Resmi rakamlara göre her gün 50 sağlık çalışanının sözlü ya da fiziksel olarak şiddete maruz kaldığı bilgisini paylaşan Atabey sözlerine şu şekilde devam etti:
“Hastaneler artık sağlıkla değil şiddetle anılmaktadır. Mevcut sağlık sisteminde herkes mutsuz, en çok da sağlık emekçisi mutsuzdur. Sağlıktan mutlu olan tek kesim sağlıkta dönüşüm sayesinde oylarımız artmıştır diyenlerdir. Keçiören Eğitim ve Araştırma Hastanesi yoğun bakım servis kapısını barikat ile kapatmaya çalışan sağlık çalışanları halen hafızalarımızdadır. Hasta yakınlarının tekmeli saldırısına uğrayan gebe hemşire, kafasında mermer blok kırılan hekim, boğazı kesilmeye çalışılan sağlık emekçisi, her gün her dakika elinde bıçakla, tabancayla sağlık emekçilerini canlarıyla tehdit eden yeni bir hasta yakını haberi almaktayız. Bu ülke kadınları ve sağlık emekçilerini korumuyor! Bu ülke sağlıkta şiddeti cezalandırmıyor, hatta ellerini ovuşturarak izliyor, bu sayede oyları artar mı onun hesabını yapıyor!”
“SAĞLIK EMEKÇİLERİ, MESLEKLERİNİ YURTDIŞINDA YAPMANIN İMKÂNLARINI ARAŞTIRIYOR”
‘Sağlıkta Dönüşüm Programı’nın sağlık çalışanlarının canına kastettiğini, bu program sonucu oluşturulan kışkırtılmış sağlık talebinin, muayene sürelerinin 5 dakikaya kadar indirilmesiyle göğüslenmeye çalışılmakta olduğunu ifade eden Atabey, artan angarya ve iş yoğunluğu altında ezilen sağlık çalışanlarının her gün dozu artan şiddet olguları ile karşı karşıya kaldığını vurguladı.
Sağlık emekçilerinin yaptıkları işe yabancılaştığını da kaydeden Atabey, “Hayatlarıyla meslekleri arasına sıkıştırılan, emeklerinin karşılığı ödenmeyen sağlık emekçileri bu cendereden kurtuluş olmadığını düşünmekte, mesleklerini yurtdışında yapmanın imkânlarını araştırmaktadır. Memlekette kalanlarsa özellere akın etmektedir. Kendisi de bir özel hastane zinciri patronu olan Sağlık Bakanı bu durumdan hoşnut bile olabilir ancak bundan zarar görenler yine özellerde çalışan sayısı arttıkça mali haklarında gerileme yaşayacak olan, iş güvencesinden mahrum bırakılmış sağlık emekçileri olacaktır. Kadına yönelik her türlü şiddete karşı İstanbul sözleşmesinden ve sağlıktaki şiddete karşı etkin mücadeleden asla geri adım atmayacağız. Şiddetle yüz yüze kalan tüm sağlık emekçilerine sahip çıkmaktan vazgeçmeyeceğiz” dedi.

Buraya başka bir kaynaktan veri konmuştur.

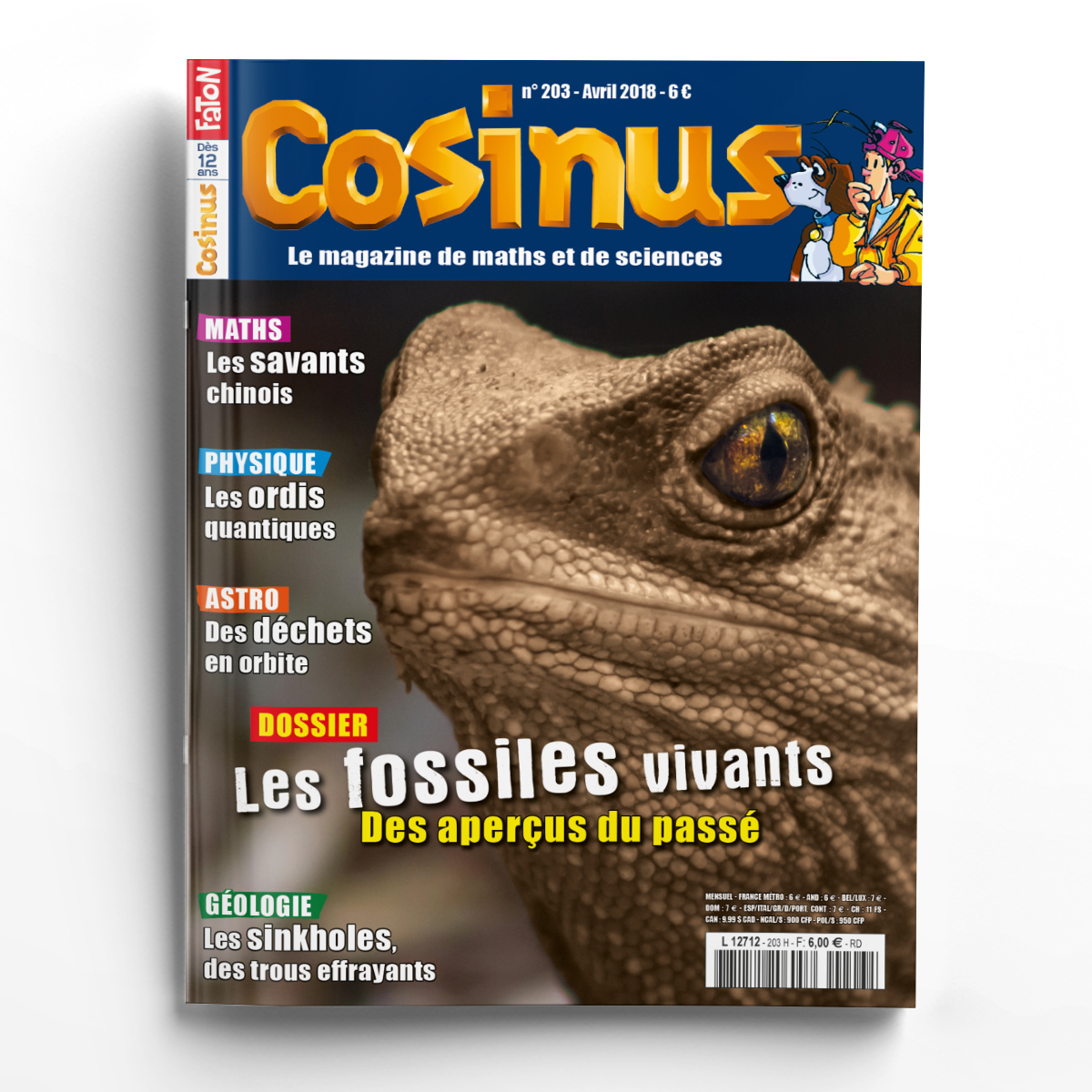 Ils semblent sortis d'un passé lointain, inchangés depuis plusieurs centaines de millions d'années... Ce mois, Cosinus consacre son dossier aux fossiles vivants, des espèces qui ne sont figées qu'en apparence ! Après cette plongée à la croisée du présent et du passé, découvrez l'étonnante diversité des mathématiques chinoises, souvent en avance sur l'Europe. Aussi au sommaire : le problème des débris spatiaux, comment la terre peut s'ouvrir sous nos pieds et la révolution de l'ordinateur quantique.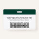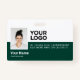 Easily personalize this Custom Horizontal Employee Name Badge with Photo, Scan Bar Code or Qr code and business logo. A simple business design in dark green and white colors fully customizable in front and back sizes, sans-serif basic and modern fonts and a professional and clear look. These standard security id name tags badges are avaiable with lanyard, metal clip or with retractable. You can personalize your id badge cards choosing any background color and any font style with Graphic Design editor by clicking on customize further. No minimum order.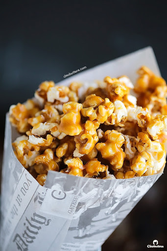 Immediately pour the caramel over the popcorn and using the buttered spatulas, toss well to evenly coat all the popcorn.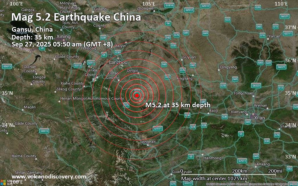 Earthquake data: Date & time: Sep 27, 2025 05:50 am (GMT +8) local time (26 Sep 2025 21:50 GMT)Magnitude: 5.2 Depth: 35.00 km Epicenter latitude / longitude: 34.93°N / 104.54°E  ( Dingxi Shi, Gansu, China) Primary data source: EMSChttps://www.volcanodiscovery.com/earthquake/news/281852/Magnitude-52-earthquake-strikes-near-Wushan-Tianshui-Shi-Gansu-China.html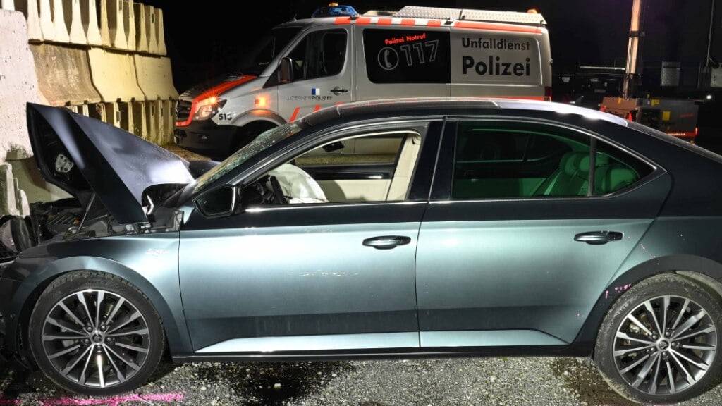 Der Selbstunfall des 32-jährigen Mannes passierte auf der Thorenbergstrasse, wie es hiess. Der Autofahrer kam frühmorgens mit seinem Auto von der Strasse ab und fuhr frontal in Betonelemente.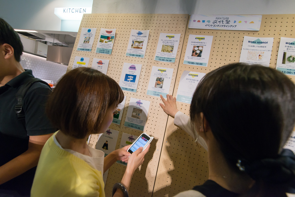 数ある文化祭のコンテンツを総覧できる場やBUKATSUDOで行われているさまざまな講座・部活が紹介されているスペース、BUKATSUDOを運営する㈱リビタの紹介スペースがありました。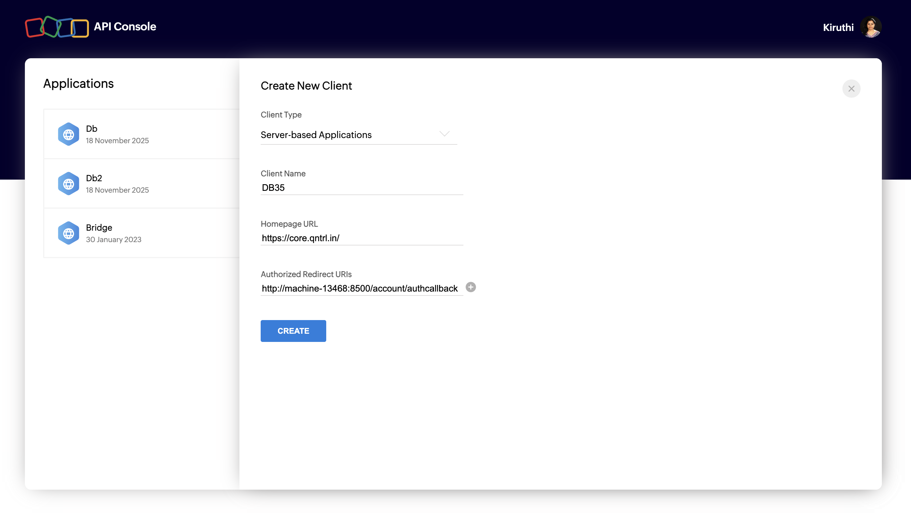 Registered your application in Qntrl.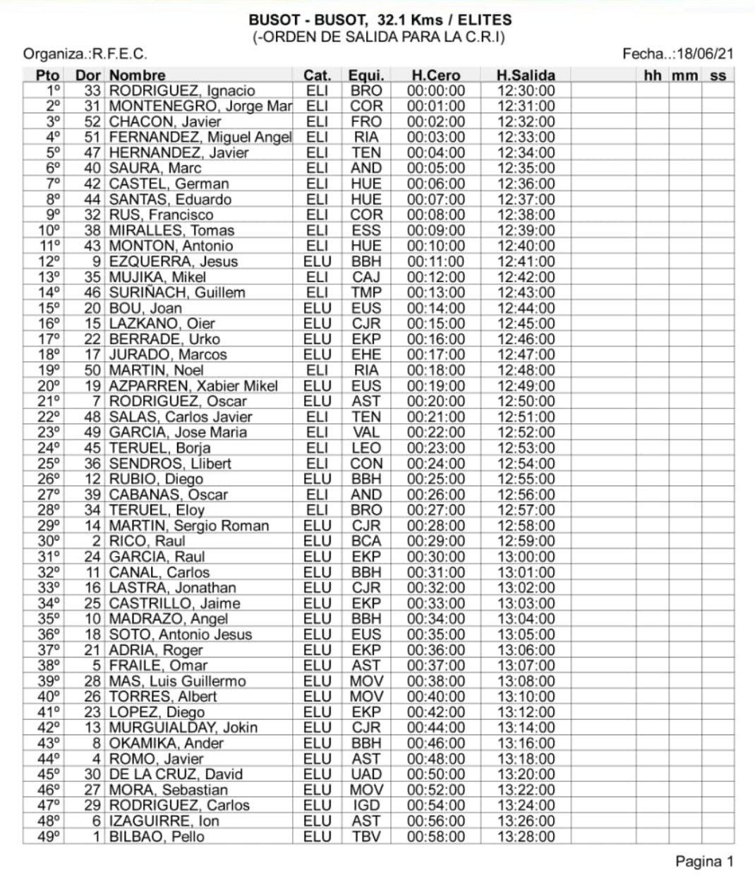 En esta jornada de viernes, también será muy interesante seguir las evoluciones de algunos de los jóvenes valores del ciclismo nacional, como Carlos Rodríguez (Ineos-Grenadiers), que estuvo a gran nivel sobre la cabra en la crono de Dauphine; Xabier Mikel Azparren (Euskaltel-Euskadi), campeón de España sub23 de CRI en 2019; o Raúl García Pierna (Kern Pharma), campeón de España sub23 de CRI en 2020. En lo que respecta a la batalla por el título élite, dos ciclistas sobresalen de forma especial: Eloy Teruel, tres veces campeón de España de CRI élite, y Noel Martín, bien conocido por su capacidad rodadora.

“‘SAĞLIKTA ŞİDDETİ DURDURALIM’ TEMALI BİR DİZİ EYLEM VE ETKİNLİKLER YAPACAĞIZ”
Bugün startını verdikleri ve 28 Ocak’a kadar sürecek olan ‘sağlıkta şiddeti durduralım’ temalı bir dizi eylem ve etkinlikler yapacaklarını açıklayan Atabey, bu süre boyunca işyerlerinde siyah kurdele ve kokart takacak, şiddete karşı kitlesel basın açıklamaları gerçekleştirecek, bu açıklamalar sırasında şiddete karşı korunmadıklarını ifade etmek için baret, kalkan gibi sembolik koruyucu ekipmanlar giyeceklerini söyledi.
Yine maskelerine sağlıkta şiddeti protesto eden yazılar yazacaklarını, üyeleri ve yöneticileri tarafından hazırlanacak kısa videoları sosyal medyada yaygın dolaşıma sokacaklarını, bu dönem içinde yapılacak tüm eylem ve etkinlikleri şube/temsilcilik hesaplarından paylaşacaklarını da dile getiren Atabey son olarak şunları aktardı:
“Ekonomik özlük demokratik haklarımız ve şiddetsiz çalışma ortamı için dün sağlık meslek örgütleri ile ortak ve bugün de SES olarak açıkladığımız 14 Mart haftasına kadar devam edecek programlarımızı 10-11 Şubat 2022 tarihinde yapacağımız Merkez Temsilciler Kurulu toplantımızda yapacağımız tartışma ve kararlaşmalarla daha da kapsamlı ve kararlı bir şekilde sürdüreceğiz.
Başta sağlık bakanlığı ve çalışma bakanlığına çağrımızdır: Bir an önce gerekli tedbirleri almak ve sorunun çözümü için işkolunda örgütlü emek ve meslek örgütleri ile birlikte acil bir toplantı organize edilmesini ve şiddete karşı acil eylem planı oluşturmaya çağırıyoruz.
İşkolu emekçilerine de yapacağımız eylem ve etkinlikleri daha güçlü ses vermek adına desteklemeye çağırıyoruz. Halkımıza çağrımızdır: Bu sistemin sorumlusu biz değiliz diyor ve sizleri başka bir sağlık sistemi mümkün diyen biz sağlık emekçileri ile birlikte mücadeleye etmeye çağırıyoruz.”
PİRHA/ANKARA
Yoruma kapalı.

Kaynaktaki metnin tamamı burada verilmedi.